RR575 - Joint study of UK medical secondary care provision for occupational lung disease
The Health and Safety Commission's 'Strategy for Workplace Health and Safety in Great Britain to 2010 and Beyond', which HSE has the challenge to implement, aims to reduce the incidence of work related ill health by 20% by 2010. HSE aims to achieve this, in part, by reducing incidence of occupational respiratory diseases such as occupational asthma, and disease specific packages of measures have been devised to realise this aim. For example, the headline target in HSE's strategy for occupational asthma is to reduce incidence of disease caused by exposure to substances in the workplace by 30% by 2010. Key to the realisation of this target is the reduction to a minimum the time between the first onset of respiratory symptoms at work and the instigation of measures post diagnosis to eliminate or reduce offending workplace exposures. This is necessarily reliant on workers recognising work related respiratory symptoms quickly, possibly aided by occupational health advice or health surveillance at work, then consulting a general practitioner. General practitioners and general practice nurse staff then need to recognise early, suspected cases of occupational asthma through appropriate assessment, and refer cases on to secondary care for further assessment and diagnosis.
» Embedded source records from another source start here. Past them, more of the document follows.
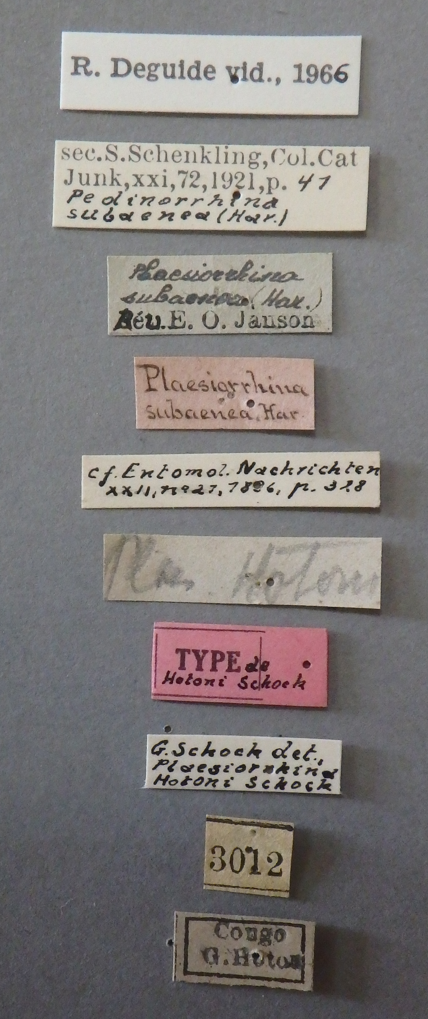 | Plaesiorrhina (Pedinorrhina) subaenea (Harold) |
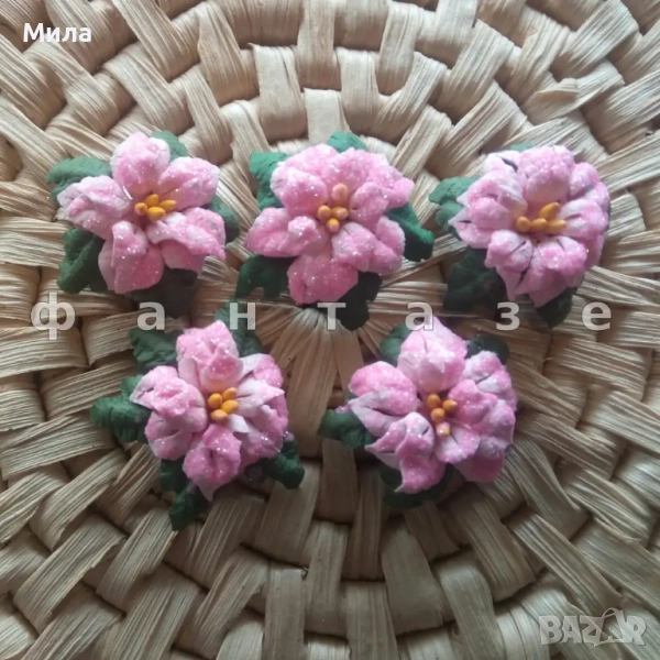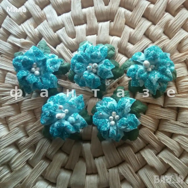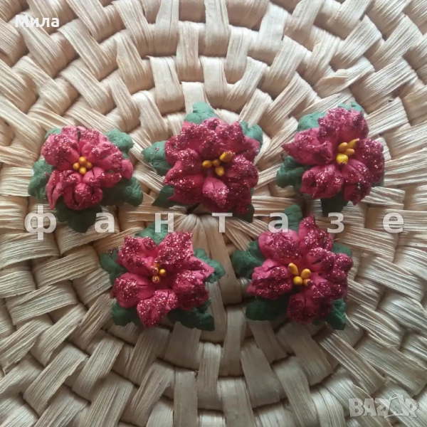 Мини коледни звезди с брокат, изработени от картон. Комплект от 5 броя, размер 3,5 см. Цена 2.50лв. Цветове по желание. Всички налични стоки от тази категория можете да разгледате на фейсбук страницата ни "Фантазе- материали за ръчна изработка" в албума "Цветя, плодчета, мъх" или на нашия уебсайт artmateriali.bg
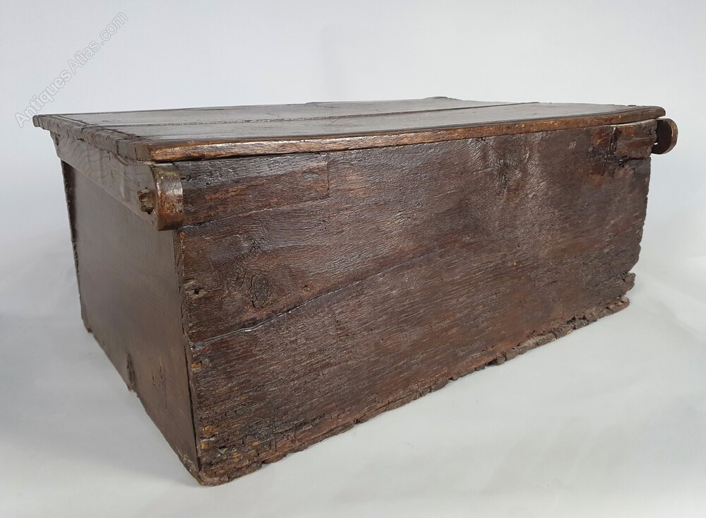 A really beautiful small and early oak chest, perhaps as a sewing or work box, heavy and robust, made by skilled hands in c. 1660 and clearly made as a token of love for ‘M A’.
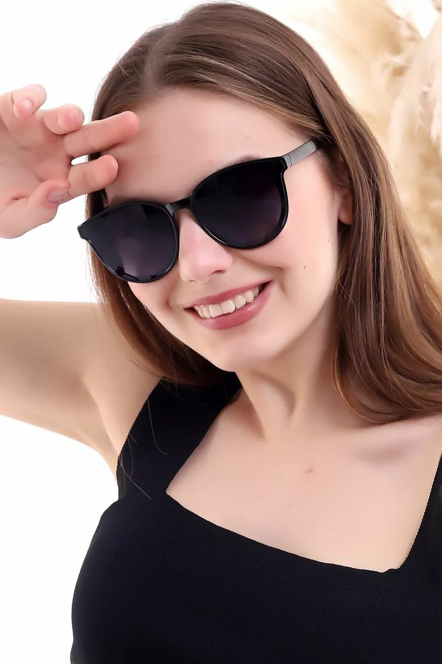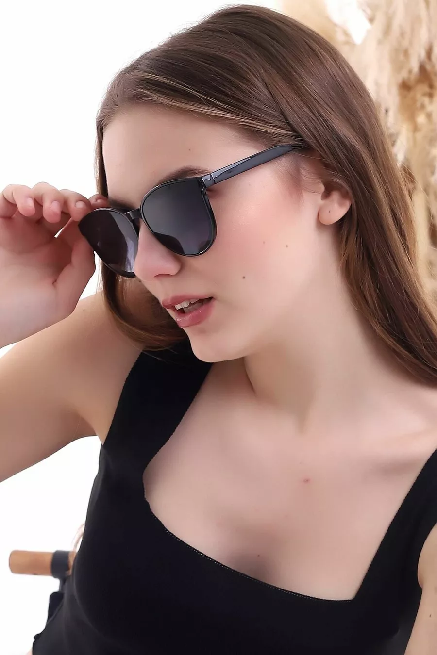 Frame Color: Black Lens Color: Black Lens Material: UV400 Color: Black Frame Material: Acetate Lens Type: Gradient Frame Shape: Geometric Frame Type: Full Frame Pattern: Solid
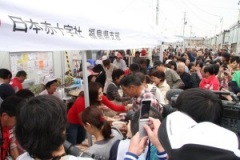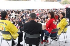 30日午前、福島市内で開かれた「JAまつり2011」にサプライズゲストとして参加しました。会場となったJA福島ビル前の特設会場ではさまざまな出店が並び、朝から多くの市民の皆さんでいっぱいです。紀香さんが舞台に立つと、会場は大きな拍手と歓声に包まれました。吾妻雄二組合長と菅野孝志専務らとトークイベントで、福島県産の米を握ったおにぎりやりんごなどを頬張った紀香さんは「おいしい」を連発。「寒さも風評被害も吹き飛ばすように、みんなで福島の元気、明るい福島を発信していきましょう」と呼びかけました。
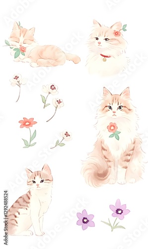 © BLUEE, Fototapeta premium cat watercolor illustration, generation AI
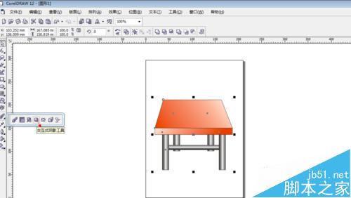 8、为了达到更好的效果,我们需要给桌子加上一个阴影,首先,选择所有的图形进行组合,然后点击”交互式工具“中的”交互式阴影“。
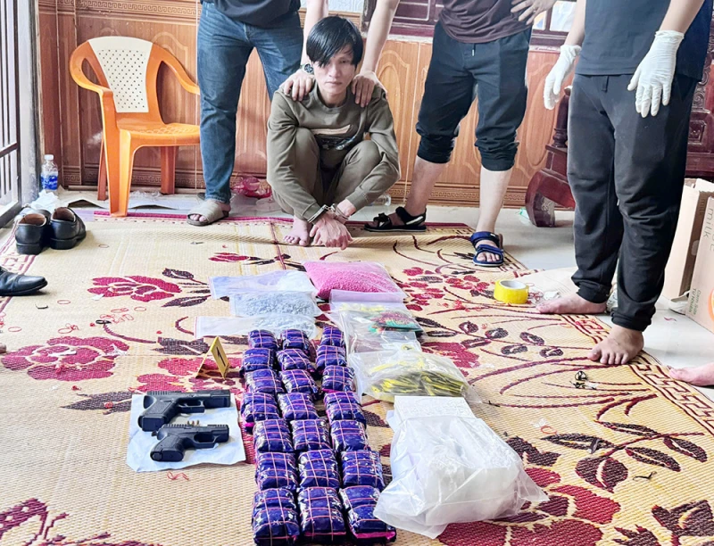 Tổng khối lượng khoảng 14kg ma túy các loại, 2 khẩu súng quân dụng, 3 viên đạn, 2 cân tiểu ly, 1 máy dập, đóng gói bao bì.
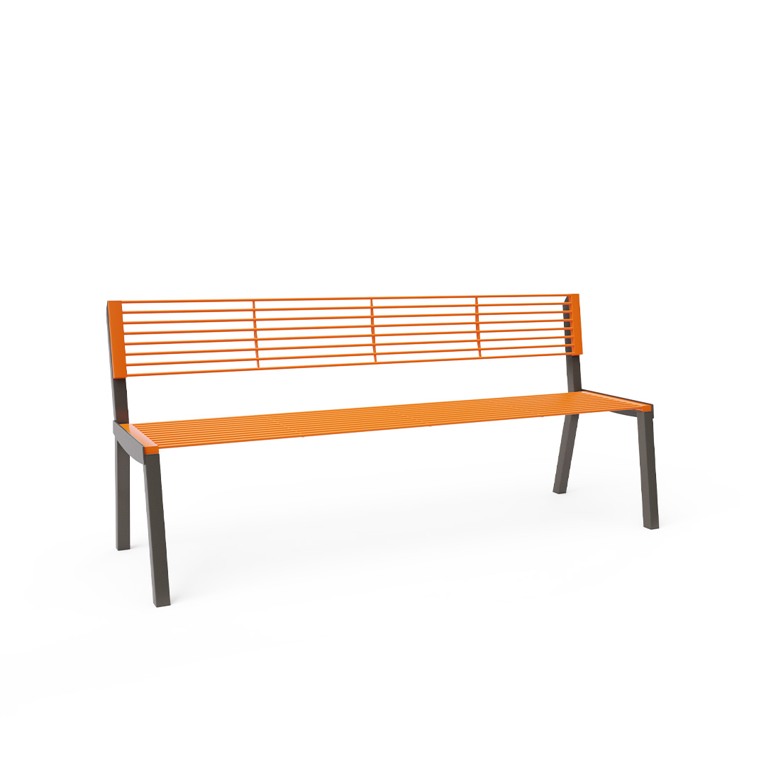 A designer park bench with a backrest, suitable not only for outdoor use - parks, playgrounds, squares but also for indoor use - shopping centers, airport terminals, entrance halls, etc.
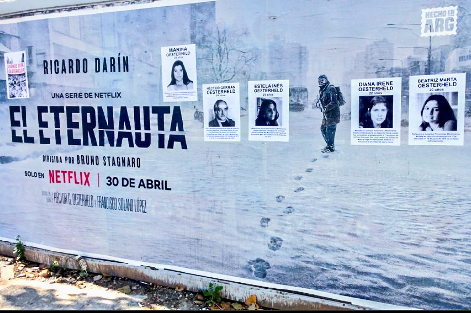 La ciudad de Buenos Aires, escenario de la invasión que narra El Eternauta, está empapelada con afiches de la serie de Netflix que dirige Bruno Stagnaro y protagoniza Ricardo Darín.
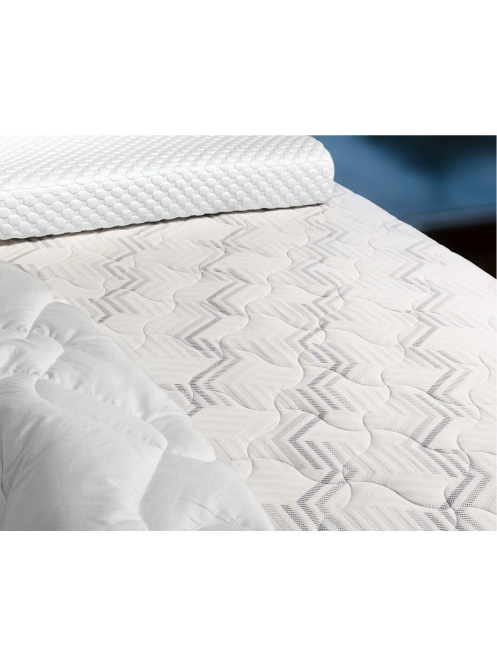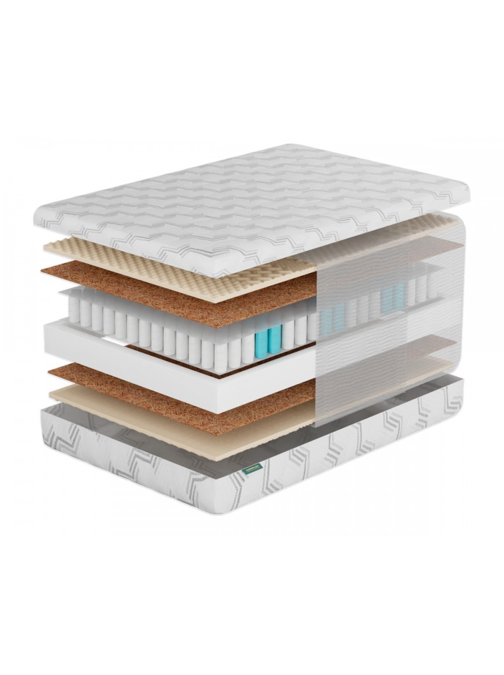 1. Съемный трикотажный чехол Чехол выполнен из прочной трикотажной ткани, в составе которой не менее 40% натурального хлопка. Ткань простегана по технологии глубокой стежки. Особая техника стёжки позволяет равномерно, без потери формы и объёма, зафиксировать все составляющие чехла. Хлопковые нити в составе ткани обеспечивают здоровый микроклимат во время сна. Чехол имеет разъемную молнию, что позволяет стирать его в домашних условиях.
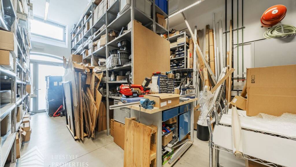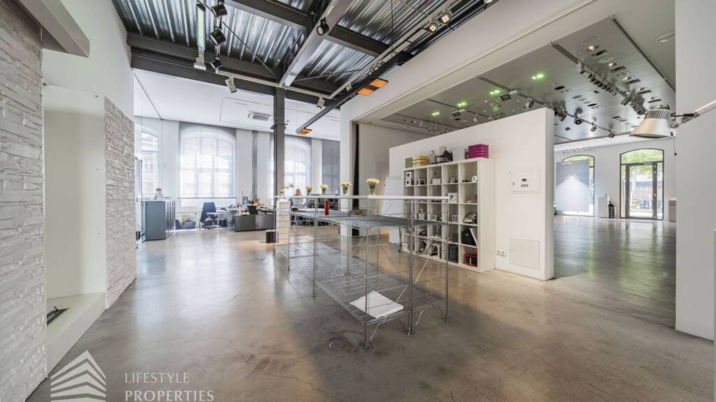 Die Verkaufsfläche zeichnet sich durch die offene Raumgestaltung aus. Viele große Fenster versorgen die Räumlichkeiten mit viel Licht, wodurch die Waren in bestem Licht präsentiert werden. Die Küche ist mit modernen Geräten ausgestattet und verfügt über ausreichend Stauraum.
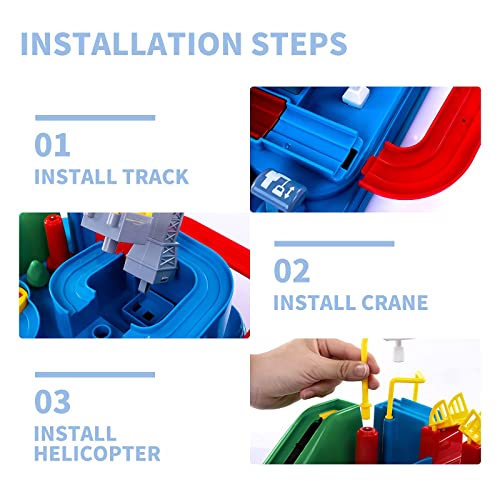 - CHILD-FRIENDLY MATERIALS - This track table vehicle set is made of high-quality and non-toxic ABS materials, has passed physical and mechanical tests, meets toy standards, does not harm children's health. Round edge and smooth surface design let you no longer worry about children will get hurt.

The clinical approach by which respiratory or occupational consultants diagnose occupational asthma then needs to operate effectively so that cases of disease are quickly and correctly diagnosed. Secondary care departments that see occupational asthma patients obviously need to be appropriately resourced and staffed to achieve this, or failing this, a more specialist secondary care department needs to be sufficiently close allowing the patient to be easily referred on for further assessment.
This report and the work it describes were funded by the Health and Safety Executive (HSE). Its contents, including any opinions and/or conclusions expressed, are those of the authors alone and do not necessarily reflect HSE policy.